Ap4A
- Names: IUPAC name O^{1},O^{7}-Di(5′-deoxyadenosin-5′-yl) tetrahydrogen tetraphosphate

Identifiers
- CAS Number: 5542-28-9;
- 3D model (JSmol): Interactive image;
- ChEBI: CHEBI:17422;
- ChEMBL: ChEMBL339385;
- ChemSpider: 20402;
- KEGG: C01260;
- PubChem CID: 21706;

Properties
- Chemical formula: C_{20}H_{28}N_{10}O_{19}P_{4}
- Molar mass: 836.390 g·mol^{−1}

= Ap4A =

Diadenosine tetraphosphate or Ap4A is a putative alarmone, ubiquitous in nature being common to everything from bacteria to humans. It is made up of two adenosines joined together by a 5′-5′ linked chain of four phosphates. Adenosine polyphosphates are capable of inducing multiple physiological effects.

== Function ==

=== In Eukaryotes ===
Ap4A can be created by a non-canonical activity of the Lysyl-tRNA synthetase (LysRS). This function of LysRS is activated by the phosphorylation of LysRS on serine 207, its subsequent dissociation from the multi-synthetase complex (MSC). The molecule's role as a second messenger has recently been discovered in The LysRS-Ap4A-MITF signaling pathway. Ap4A binds to the MITF-HINT1 inhibitory complex, specifically to the molecule histidine triad nucleotide–binding protein 1(HINT1), releasing the Microphthalmia-associated transcription factor (MITF) and causing an increase in the transcription of its target genes. Ap4A also positively regulates the activity of the transcription factor USF2 through a similar molecular mechanism to that of MITF.

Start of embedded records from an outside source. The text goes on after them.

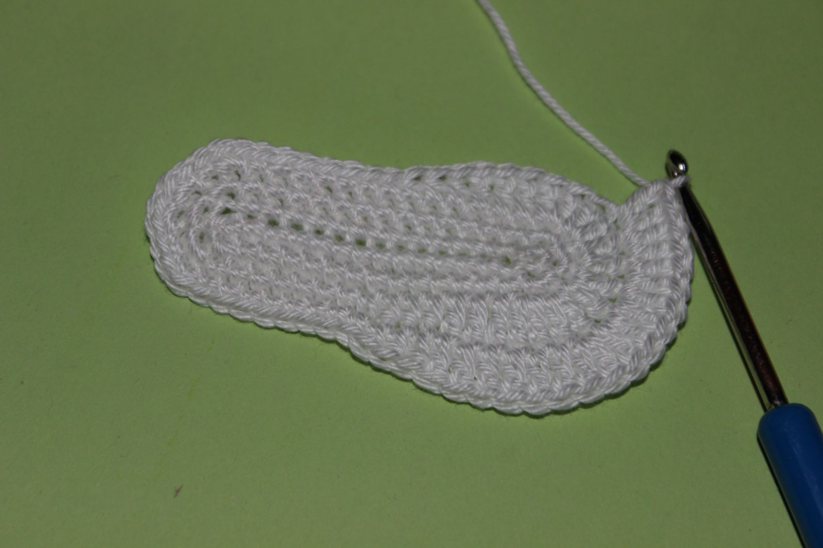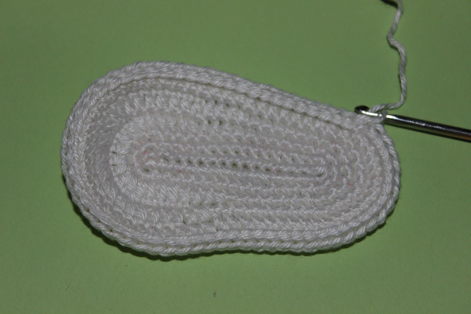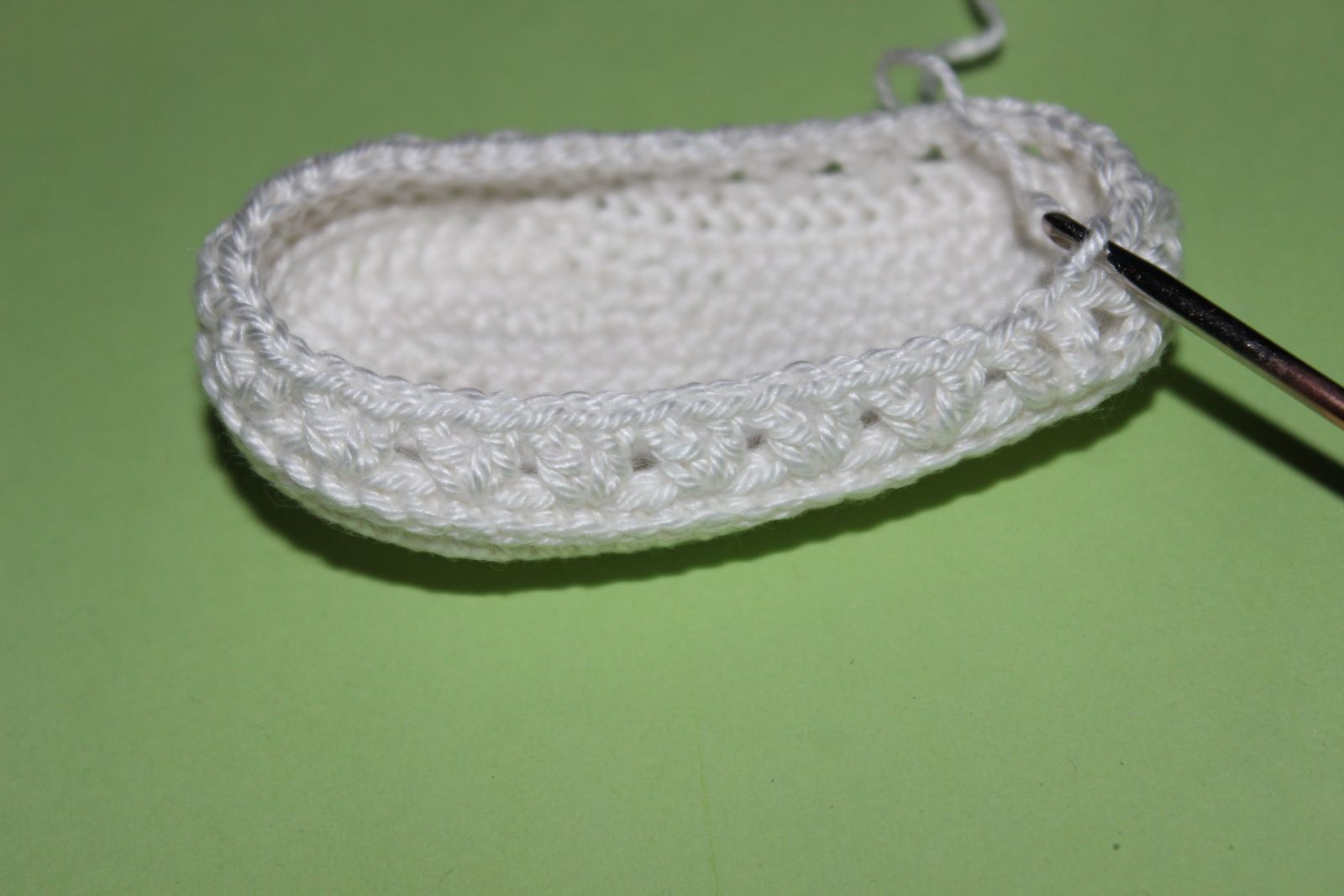 Around the sole crochet: ch 1, sc and dc in the same st as ch, *ch 1, skip 1st, sc and dc in next st*, repeat from*to* till the end of round, cut the yarn.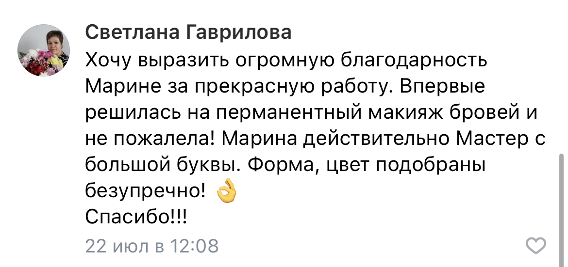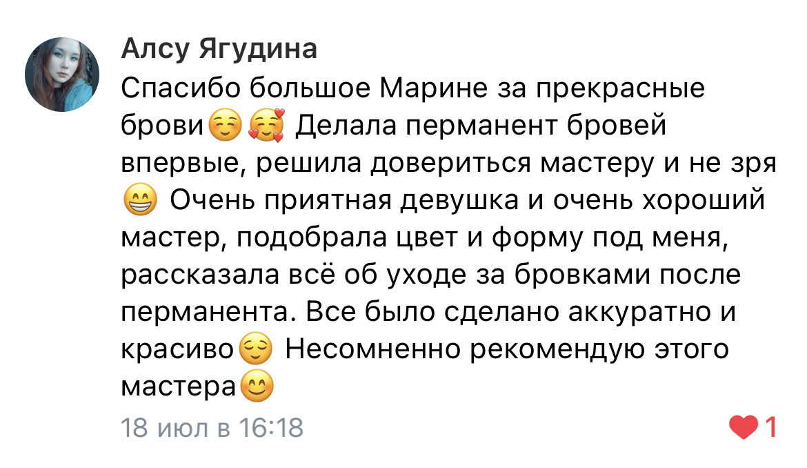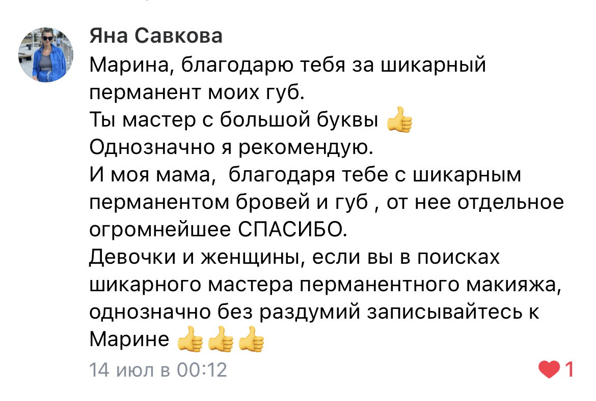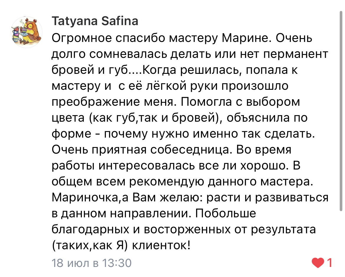 Я отталкиваюсь от природной формы, чтобы брови, губы и веки смотрелись гармонично и сохраняли индивидуальность. 97% девушек рекомендуют меня своим друзьям.
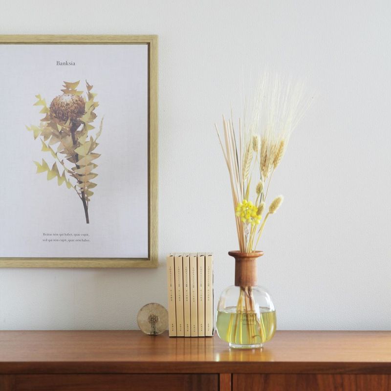 丸みを帯びたフォルムがキュート。香りをお楽しみいただけるのはもちろん、ドライフラーを挿してフラワーアレンジメントをお楽しみいただくこともできます。スタイリッシュな専用パッケージ入りなので、ギフトにもぴったりです。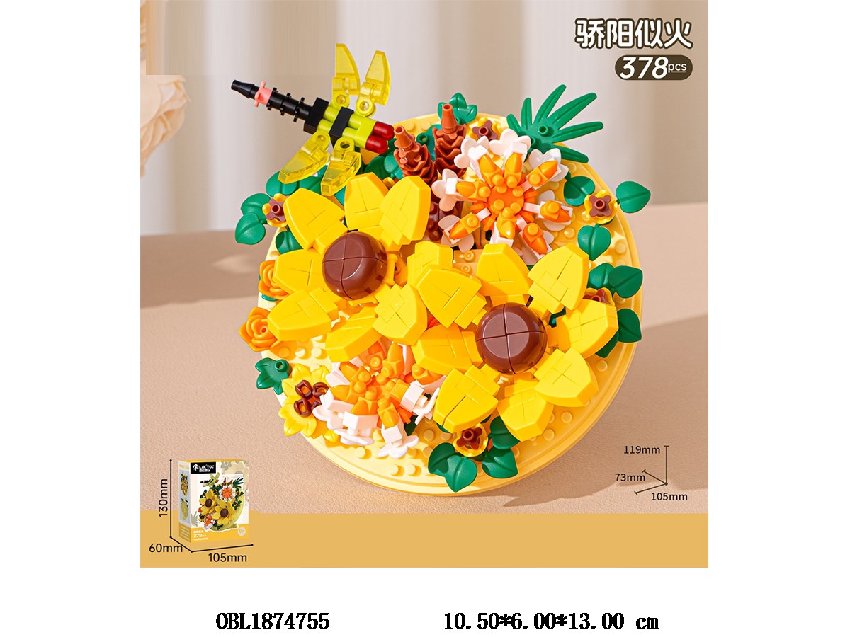 Chinese and English versions of puzzle building blocks flower plate, scorching sun like fire 378PCS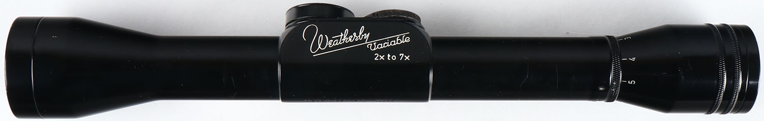 Weatherby 2x-7x Variable Magnification Rifle Scope, fine crosshair reticle, glass is clear and crisp. Grade: Excellent ++ - Value: 50 to 150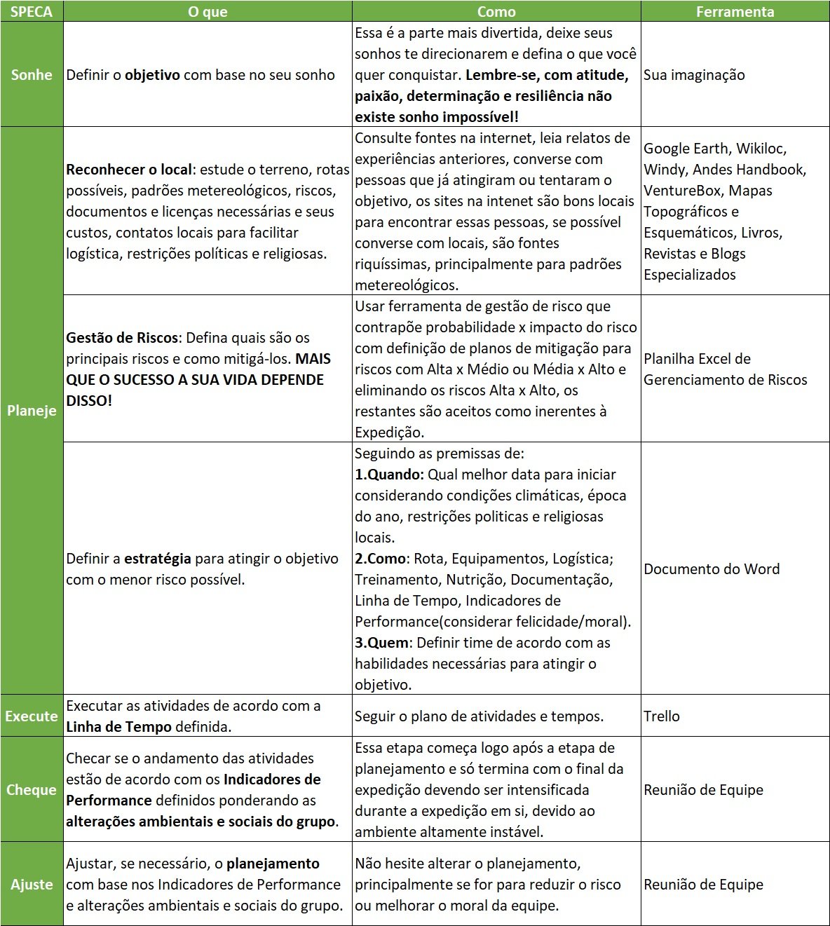 Eu, sendo engenheiro e metódico, naturalmente acabei aplicando e adequando a metodologia PDCA e conceitos de gestão de projetos para, respectivamente, processualizar e gerenciar o planejamento e execução das minhas aventuras, processo que apelidei como SPECA resumido no quadro abaixo.

It has also been shown, that Ap4A plays a role in the functionality of dendritic cells (DCs). An increase in the intracellular amount Improves their motility and antigen presenting ability through alterations in small GTPases present in the cells. This was discovered by creating mice deficient in the enzyme NUDT2, which serves as an Ap4A hydrolase and thus controls the levels of Ap4A in the cell. Ap4A, however, has also been shown to cause apoptosis in several cell lines through an unknown mechanism, the degradation of Ap4A was necessary for the process as hydrolysis-resistant analogues of the molecule showed no apoptotic activity.

=== In Prokaryotes ===
In E. coli, Ap4A has been shown to function as an alarmone, as the intracellular concentration of the molecule increases upon heat stress. Ap4A can also be incorporated into RNA as a 5' Cap along with other dinucleoside polyphosphates. It serves as a substrate for the RNA polymerase and the intracellular levels of these capped RNAs increase upon stress, suggesting that the cap adds a level of stability to the RNA.

Myxococcus xanthus is a type of Gram-negative bacteria, and M. xanthus lysyl-tRNA synthetase (LysS) is an enzyme from the bacteria that synthesizes diadenosine tetraphosphates (Ap4A) when adenosine triphosphate (ATP) is present. Diadenosine pentaphosphate (Ap5A) is synthesized from Ap4A with ATP.